# 1991 Stanza Won't start - Any help please



## bwshook72 (Jan 31, 2004)

Hi everyone. I'll start by saying that I don't know much about fuel injection and not much about Nissans in general so if you can help even a little bit I would really appreciate it.

Here goes

My brother is in college and has a 1991 Nissan Stanza with a 4cyl. The car has 165,000 miles on it, but it runs great. The problem is now it won't start. A little background ... it's been cold around here, (below 20 degrees for about two weeks). He went out to start the car one afternoon after driving it in the morning, the car wouldn't start. He gave up and my father suggested that perhaps the fuel line had frozen. My brother dumped in some dry gas and gas line anti-freeze and tried to start it. It just sputtered a few times and shut down. So thinking it was still frozen he waited until the weather warmed up a bit. Well, the weather never got too warm so he got it towed home from college yesterday. Last night, my father had it in the garage and the garage temperature up above 70 degrees. The car tried to start and sputtered a few times. After he recharged the battery and went back down this morning he tried to start it and all it does is crank and it doesn't start. However it has begun to make an awful groaning sound while it cranks now. (We’ve never heard anything like this sound). Also, while cranking and after cranking you can smell gasoline, especially at the tailpipe. There is spark at every cylinder.

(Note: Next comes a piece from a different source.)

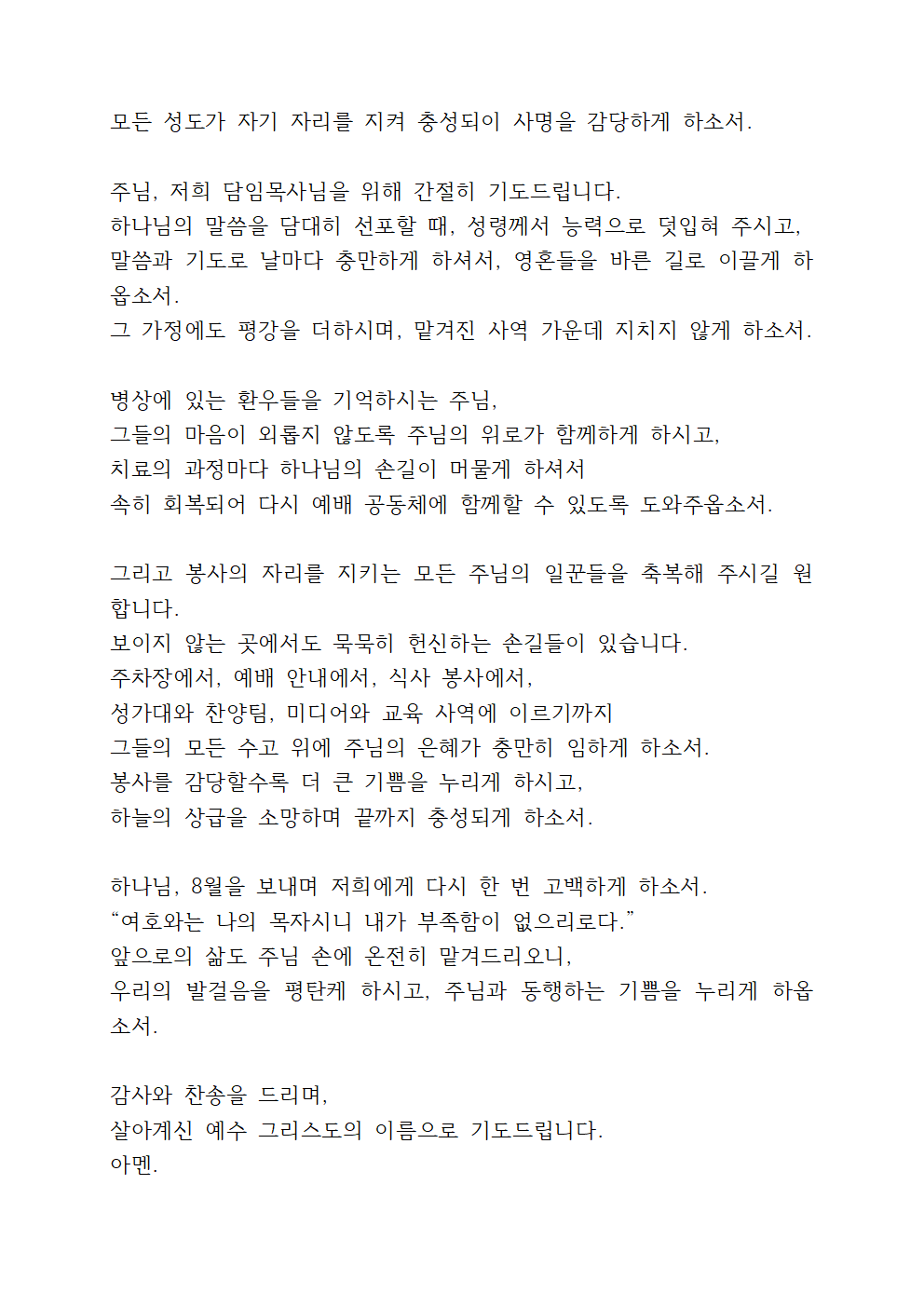 8월 넷째 주일예배 대표기도문 2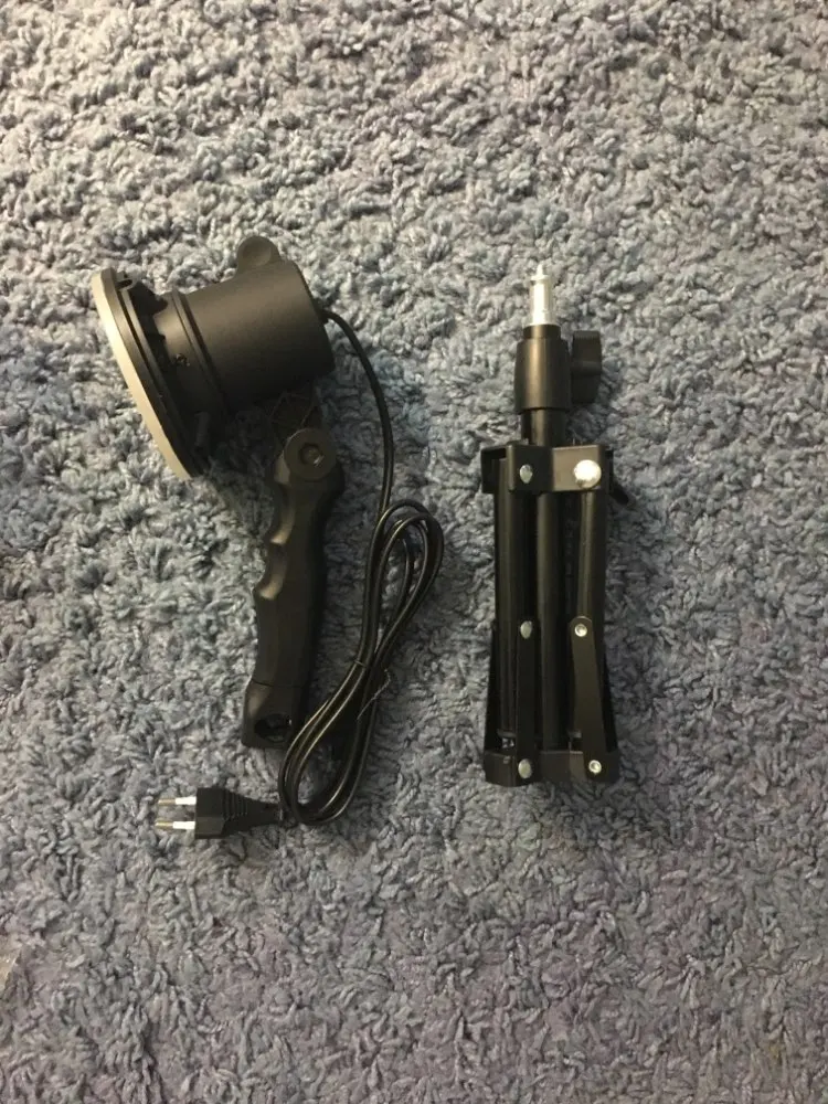 Посылка пришла за 3 недели, все целое. Склеен аляпово, но вроде крепко, на штативе почему болт, который мешает надеть на него лампу, странно. Свет оооочень ярко.

Any help/insight would be greatly appreciated. The Chilton's manual we have is basically useless, especially when it comes to troubleshooting.

Thank you


----------



## KA24Tech (Feb 2, 2004)

I would check the mass air flow sensor first by disconnecting it and then trying to start it. Also pull the fuel pump fuse and remove all of the spark plugs then turn it over for 2 periods of 15 seconds to clear out the cylinders. You may also have an issue with the coil or something else but try the other things first.

Troy


----------